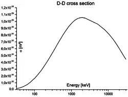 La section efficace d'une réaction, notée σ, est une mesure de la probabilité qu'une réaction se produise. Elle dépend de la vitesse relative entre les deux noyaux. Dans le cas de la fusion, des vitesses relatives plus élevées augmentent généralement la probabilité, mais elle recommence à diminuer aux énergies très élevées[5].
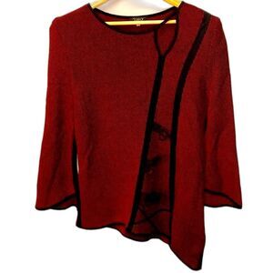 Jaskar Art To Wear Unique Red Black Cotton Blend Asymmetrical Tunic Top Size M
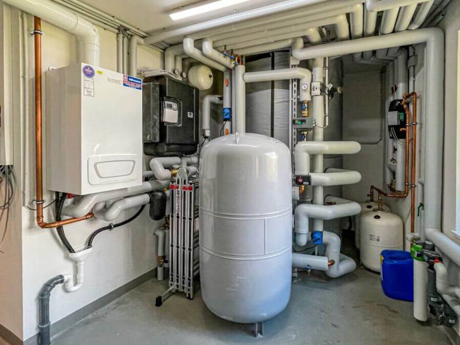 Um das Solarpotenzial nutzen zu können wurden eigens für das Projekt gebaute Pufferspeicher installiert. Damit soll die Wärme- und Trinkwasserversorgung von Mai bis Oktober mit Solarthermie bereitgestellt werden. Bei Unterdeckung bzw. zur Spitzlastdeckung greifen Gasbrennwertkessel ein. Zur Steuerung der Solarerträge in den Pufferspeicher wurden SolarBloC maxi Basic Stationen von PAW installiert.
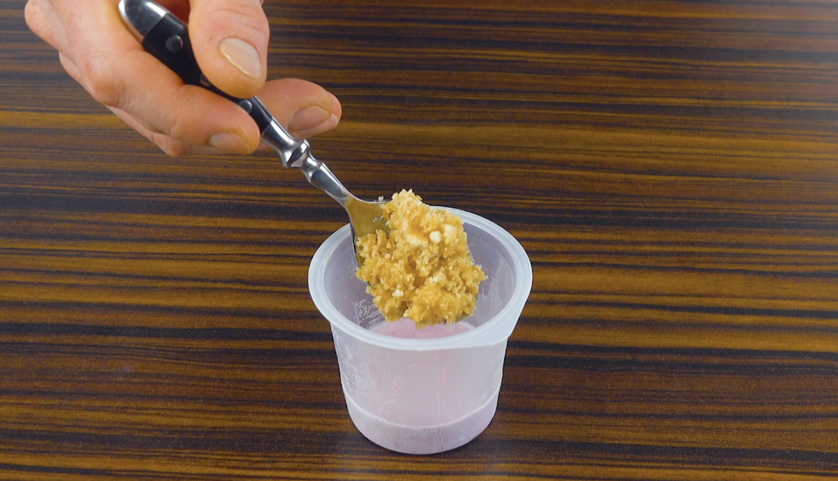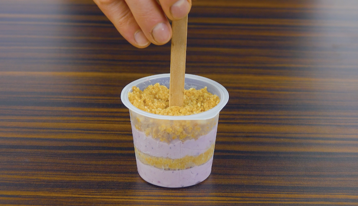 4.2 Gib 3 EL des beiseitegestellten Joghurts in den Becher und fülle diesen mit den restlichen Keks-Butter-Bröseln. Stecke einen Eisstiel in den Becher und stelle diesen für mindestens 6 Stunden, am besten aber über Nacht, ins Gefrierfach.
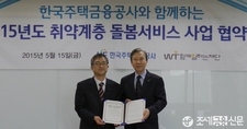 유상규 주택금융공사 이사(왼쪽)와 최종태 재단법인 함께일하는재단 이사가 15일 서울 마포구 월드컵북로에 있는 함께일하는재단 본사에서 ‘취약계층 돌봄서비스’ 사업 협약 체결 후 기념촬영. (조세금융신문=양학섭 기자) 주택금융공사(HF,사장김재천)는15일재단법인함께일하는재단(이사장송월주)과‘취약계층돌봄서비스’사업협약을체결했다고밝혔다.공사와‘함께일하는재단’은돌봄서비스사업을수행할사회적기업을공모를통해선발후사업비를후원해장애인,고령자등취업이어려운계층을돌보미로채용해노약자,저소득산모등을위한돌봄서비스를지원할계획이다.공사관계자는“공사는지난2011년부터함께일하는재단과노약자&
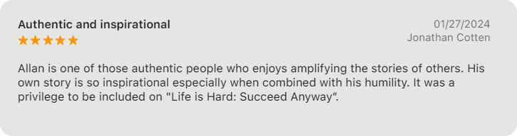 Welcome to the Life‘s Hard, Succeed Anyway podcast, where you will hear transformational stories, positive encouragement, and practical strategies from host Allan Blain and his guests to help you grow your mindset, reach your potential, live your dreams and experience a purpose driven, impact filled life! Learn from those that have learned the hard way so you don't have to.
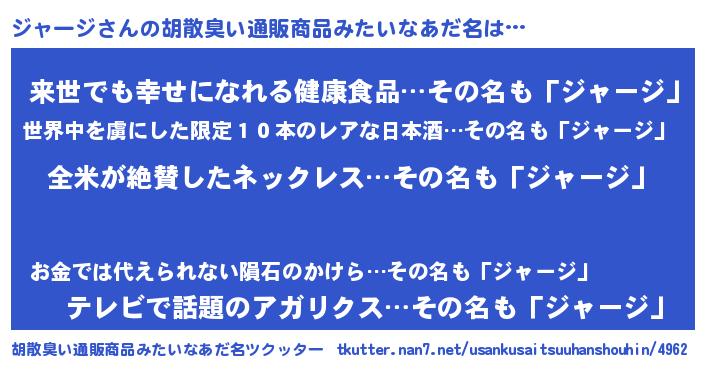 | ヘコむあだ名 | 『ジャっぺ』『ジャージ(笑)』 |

Required action - Only the lines from the start of the records above through the line containing "4.2 Gib 3 EL" should be returned, exactly and with both ends, please; the pictures stay out.

Answer section -
 La section efficace d'une réaction, notée σ, est une mesure de la probabilité qu'une réaction se produise. Elle dépend de la vitesse relative entre les deux noyaux. Dans le cas de la fusion, des vitesses relatives plus élevées augmentent généralement la probabilité, mais elle recommence à diminuer aux énergies très élevées[5].
 Jaskar Art To Wear Unique Red Black Cotton Blend Asymmetrical Tunic Top Size M
 Um das Solarpotenzial nutzen zu können wurden eigens für das Projekt gebaute Pufferspeicher installiert. Damit soll die Wärme- und Trinkwasserversorgung von Mai bis Oktober mit Solarthermie bereitgestellt werden. Bei Unterdeckung bzw. zur Spitzlastdeckung greifen Gasbrennwertkessel ein. Zur Steuerung der Solarerträge in den Pufferspeicher wurden SolarBloC maxi Basic Stationen von PAW installiert.
 4.2 Gib 3 EL des beiseitegestellten Joghurts in den Becher und fülle diesen mit den restlichen Keks-Butter-Bröseln. Stecke einen Eisstiel in den Becher und stelle diesen für mindestens 6 Stunden, am besten aber über Nacht, ins Gefrierfach.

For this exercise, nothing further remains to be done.